[[ Raw data open ]]

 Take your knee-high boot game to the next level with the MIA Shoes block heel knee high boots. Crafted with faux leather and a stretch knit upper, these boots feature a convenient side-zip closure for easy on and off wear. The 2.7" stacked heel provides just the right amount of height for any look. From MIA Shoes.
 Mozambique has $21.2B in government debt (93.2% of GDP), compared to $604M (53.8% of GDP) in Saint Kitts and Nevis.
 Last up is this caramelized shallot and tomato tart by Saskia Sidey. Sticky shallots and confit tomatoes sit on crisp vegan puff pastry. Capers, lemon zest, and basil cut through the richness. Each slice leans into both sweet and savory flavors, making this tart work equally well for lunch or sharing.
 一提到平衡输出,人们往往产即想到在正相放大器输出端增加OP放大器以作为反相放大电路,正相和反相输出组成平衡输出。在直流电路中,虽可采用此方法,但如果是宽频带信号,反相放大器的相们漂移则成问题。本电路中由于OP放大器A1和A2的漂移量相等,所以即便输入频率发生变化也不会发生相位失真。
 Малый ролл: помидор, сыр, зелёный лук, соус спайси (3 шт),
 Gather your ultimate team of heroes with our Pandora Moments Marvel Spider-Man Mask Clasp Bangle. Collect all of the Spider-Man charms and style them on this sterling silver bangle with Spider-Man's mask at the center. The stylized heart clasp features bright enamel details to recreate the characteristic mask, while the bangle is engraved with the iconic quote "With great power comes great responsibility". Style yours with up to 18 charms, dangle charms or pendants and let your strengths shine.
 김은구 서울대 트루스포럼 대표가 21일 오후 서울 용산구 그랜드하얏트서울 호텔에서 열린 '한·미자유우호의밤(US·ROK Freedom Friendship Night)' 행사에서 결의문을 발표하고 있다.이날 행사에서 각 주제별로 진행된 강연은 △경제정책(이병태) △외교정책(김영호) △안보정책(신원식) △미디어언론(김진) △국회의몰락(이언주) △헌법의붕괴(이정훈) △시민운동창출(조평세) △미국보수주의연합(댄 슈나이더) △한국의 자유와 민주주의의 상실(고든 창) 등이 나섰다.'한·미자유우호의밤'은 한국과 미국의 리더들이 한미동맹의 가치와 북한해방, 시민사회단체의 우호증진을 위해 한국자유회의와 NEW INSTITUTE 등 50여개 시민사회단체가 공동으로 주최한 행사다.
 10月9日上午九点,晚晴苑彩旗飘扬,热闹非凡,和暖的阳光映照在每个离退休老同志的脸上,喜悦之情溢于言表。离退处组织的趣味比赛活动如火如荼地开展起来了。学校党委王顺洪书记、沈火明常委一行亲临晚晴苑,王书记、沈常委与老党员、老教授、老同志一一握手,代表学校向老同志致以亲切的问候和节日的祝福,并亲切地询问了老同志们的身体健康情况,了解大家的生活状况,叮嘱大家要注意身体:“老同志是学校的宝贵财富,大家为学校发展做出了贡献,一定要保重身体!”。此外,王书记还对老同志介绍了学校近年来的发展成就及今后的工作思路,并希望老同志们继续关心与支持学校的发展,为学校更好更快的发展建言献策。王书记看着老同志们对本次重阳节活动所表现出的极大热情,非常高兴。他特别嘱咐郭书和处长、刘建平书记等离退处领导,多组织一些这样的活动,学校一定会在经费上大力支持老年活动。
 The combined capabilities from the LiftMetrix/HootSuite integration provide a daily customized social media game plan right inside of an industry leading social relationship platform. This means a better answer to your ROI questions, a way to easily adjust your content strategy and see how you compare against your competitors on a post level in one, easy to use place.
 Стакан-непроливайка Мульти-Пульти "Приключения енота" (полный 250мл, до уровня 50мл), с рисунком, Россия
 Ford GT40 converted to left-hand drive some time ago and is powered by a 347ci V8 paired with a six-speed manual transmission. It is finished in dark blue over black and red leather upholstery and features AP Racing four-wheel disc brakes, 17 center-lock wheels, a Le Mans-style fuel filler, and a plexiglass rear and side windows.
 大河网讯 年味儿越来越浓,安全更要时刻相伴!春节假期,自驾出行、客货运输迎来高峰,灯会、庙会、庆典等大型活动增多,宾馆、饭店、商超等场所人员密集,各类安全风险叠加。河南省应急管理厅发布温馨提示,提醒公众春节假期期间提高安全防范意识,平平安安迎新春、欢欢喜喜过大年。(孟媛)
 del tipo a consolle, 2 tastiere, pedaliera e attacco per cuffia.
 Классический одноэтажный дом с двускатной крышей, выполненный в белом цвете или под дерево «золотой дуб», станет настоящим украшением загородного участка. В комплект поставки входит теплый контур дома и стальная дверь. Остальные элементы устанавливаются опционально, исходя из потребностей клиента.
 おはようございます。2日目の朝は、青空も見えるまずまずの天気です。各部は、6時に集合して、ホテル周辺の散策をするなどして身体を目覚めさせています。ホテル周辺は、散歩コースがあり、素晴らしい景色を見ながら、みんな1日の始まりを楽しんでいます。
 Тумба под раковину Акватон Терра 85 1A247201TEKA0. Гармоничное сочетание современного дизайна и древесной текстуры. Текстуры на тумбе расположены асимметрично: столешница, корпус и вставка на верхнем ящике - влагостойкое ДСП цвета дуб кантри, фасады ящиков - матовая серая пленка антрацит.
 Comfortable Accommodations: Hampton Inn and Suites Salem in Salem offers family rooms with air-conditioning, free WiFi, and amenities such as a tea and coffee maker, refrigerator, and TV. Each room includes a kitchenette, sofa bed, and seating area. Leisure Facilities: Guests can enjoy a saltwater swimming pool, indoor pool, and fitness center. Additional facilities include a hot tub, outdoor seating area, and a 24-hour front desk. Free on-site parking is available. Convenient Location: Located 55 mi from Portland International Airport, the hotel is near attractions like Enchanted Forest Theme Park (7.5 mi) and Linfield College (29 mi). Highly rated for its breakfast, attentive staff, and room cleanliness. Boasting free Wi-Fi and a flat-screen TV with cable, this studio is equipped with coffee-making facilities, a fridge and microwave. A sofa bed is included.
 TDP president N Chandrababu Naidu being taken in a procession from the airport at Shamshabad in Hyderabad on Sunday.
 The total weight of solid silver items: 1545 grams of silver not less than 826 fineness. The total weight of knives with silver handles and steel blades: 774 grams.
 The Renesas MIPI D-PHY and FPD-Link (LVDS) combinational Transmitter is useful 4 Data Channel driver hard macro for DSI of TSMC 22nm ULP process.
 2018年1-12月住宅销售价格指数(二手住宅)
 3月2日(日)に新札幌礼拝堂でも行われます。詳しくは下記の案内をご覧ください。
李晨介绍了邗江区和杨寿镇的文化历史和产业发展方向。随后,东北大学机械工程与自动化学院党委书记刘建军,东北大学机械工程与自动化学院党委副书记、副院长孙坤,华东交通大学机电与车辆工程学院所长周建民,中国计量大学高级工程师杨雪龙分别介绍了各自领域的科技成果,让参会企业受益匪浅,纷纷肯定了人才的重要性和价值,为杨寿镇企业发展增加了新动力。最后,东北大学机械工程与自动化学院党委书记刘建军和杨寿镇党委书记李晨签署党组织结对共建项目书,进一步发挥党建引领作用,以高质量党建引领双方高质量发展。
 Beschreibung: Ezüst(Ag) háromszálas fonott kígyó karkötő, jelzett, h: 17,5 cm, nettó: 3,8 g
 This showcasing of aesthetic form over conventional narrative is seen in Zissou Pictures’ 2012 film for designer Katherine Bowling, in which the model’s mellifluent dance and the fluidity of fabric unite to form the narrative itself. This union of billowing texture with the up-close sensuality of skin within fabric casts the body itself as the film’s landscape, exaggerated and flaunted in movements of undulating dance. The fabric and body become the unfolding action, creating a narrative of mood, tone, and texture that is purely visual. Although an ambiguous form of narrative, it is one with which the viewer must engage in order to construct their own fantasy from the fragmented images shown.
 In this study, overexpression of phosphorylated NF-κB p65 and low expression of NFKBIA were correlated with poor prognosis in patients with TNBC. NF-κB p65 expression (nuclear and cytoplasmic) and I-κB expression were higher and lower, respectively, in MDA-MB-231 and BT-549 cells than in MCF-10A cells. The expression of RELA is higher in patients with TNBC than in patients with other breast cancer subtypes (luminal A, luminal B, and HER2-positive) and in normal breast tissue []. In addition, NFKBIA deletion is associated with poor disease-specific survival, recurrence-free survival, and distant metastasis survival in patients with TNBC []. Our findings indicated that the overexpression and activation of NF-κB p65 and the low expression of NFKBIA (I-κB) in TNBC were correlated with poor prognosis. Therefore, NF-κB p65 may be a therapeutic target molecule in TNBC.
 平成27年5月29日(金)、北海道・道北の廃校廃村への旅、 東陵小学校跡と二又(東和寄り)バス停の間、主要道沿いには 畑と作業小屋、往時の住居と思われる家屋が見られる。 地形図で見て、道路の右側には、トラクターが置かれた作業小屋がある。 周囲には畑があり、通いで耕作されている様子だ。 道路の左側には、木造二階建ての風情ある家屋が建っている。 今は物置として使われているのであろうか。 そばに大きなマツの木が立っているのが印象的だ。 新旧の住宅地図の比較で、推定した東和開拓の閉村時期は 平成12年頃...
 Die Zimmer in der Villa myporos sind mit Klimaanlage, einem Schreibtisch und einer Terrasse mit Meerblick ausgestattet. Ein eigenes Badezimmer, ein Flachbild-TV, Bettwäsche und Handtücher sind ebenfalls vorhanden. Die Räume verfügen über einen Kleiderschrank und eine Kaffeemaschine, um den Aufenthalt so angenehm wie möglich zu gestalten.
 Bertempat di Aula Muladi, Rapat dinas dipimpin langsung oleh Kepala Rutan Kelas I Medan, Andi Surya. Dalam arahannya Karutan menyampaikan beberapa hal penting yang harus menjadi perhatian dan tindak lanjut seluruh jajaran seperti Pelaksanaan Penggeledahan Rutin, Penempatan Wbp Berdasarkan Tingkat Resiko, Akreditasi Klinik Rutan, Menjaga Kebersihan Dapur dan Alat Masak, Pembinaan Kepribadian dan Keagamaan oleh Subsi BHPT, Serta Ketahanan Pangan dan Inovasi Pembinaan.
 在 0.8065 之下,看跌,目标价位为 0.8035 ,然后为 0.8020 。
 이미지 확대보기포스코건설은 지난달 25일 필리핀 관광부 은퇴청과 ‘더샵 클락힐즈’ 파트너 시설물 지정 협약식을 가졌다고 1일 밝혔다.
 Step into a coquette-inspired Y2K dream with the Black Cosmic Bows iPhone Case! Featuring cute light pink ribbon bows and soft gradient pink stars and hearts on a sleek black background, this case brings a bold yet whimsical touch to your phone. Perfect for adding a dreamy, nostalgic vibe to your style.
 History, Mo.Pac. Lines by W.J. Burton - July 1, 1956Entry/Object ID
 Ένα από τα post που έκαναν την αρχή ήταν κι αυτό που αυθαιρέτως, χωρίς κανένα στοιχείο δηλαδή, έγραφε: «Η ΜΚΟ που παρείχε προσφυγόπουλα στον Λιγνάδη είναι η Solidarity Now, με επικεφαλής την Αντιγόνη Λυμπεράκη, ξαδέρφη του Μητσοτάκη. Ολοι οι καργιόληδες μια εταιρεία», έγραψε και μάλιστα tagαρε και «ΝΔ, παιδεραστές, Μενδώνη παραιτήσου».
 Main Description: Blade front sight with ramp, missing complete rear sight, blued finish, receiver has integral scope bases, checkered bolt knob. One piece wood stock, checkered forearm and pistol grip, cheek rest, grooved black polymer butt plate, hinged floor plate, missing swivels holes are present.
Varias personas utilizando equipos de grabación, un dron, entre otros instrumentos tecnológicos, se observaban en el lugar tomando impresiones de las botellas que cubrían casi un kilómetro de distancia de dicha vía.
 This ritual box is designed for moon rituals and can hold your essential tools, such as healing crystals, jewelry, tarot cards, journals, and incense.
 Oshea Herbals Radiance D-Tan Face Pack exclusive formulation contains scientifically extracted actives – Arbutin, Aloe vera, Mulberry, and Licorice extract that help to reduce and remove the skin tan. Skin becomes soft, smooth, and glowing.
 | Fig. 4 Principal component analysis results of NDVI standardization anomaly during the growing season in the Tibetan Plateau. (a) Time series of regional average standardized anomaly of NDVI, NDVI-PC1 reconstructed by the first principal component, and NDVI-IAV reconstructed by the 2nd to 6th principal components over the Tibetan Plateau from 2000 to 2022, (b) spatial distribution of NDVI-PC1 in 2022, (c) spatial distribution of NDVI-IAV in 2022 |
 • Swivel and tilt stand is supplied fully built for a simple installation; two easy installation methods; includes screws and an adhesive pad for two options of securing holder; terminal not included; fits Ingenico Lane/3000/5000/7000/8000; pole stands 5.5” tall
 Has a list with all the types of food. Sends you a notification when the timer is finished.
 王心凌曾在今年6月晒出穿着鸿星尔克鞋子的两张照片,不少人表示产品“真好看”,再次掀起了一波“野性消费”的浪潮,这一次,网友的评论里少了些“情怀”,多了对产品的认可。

[[ Raw data closed ]]

=== Work instructions ===
Reprint exactly the lines above that start at the one with "在 0.8065 之下,看跌,目标价位为 0.8035 ,然后为 0.8020 。" and end at the one with "History, Mo.Pac. Lines", keeping both and adding none.

=== Exercise response ===
 在 0.8065 之下,看跌,目标价位为 0.8035 ,然后为 0.8020 。
 이미지 확대보기포스코건설은 지난달 25일 필리핀 관광부 은퇴청과 ‘더샵 클락힐즈’ 파트너 시설물 지정 협약식을 가졌다고 1일 밝혔다.
 Step into a coquette-inspired Y2K dream with the Black Cosmic Bows iPhone Case! Featuring cute light pink ribbon bows and soft gradient pink stars and hearts on a sleek black background, this case brings a bold yet whimsical touch to your phone. Perfect for adding a dreamy, nostalgic vibe to your style.
 History, Mo.Pac. Lines by W.J. Burton - July 1, 1956Entry/Object ID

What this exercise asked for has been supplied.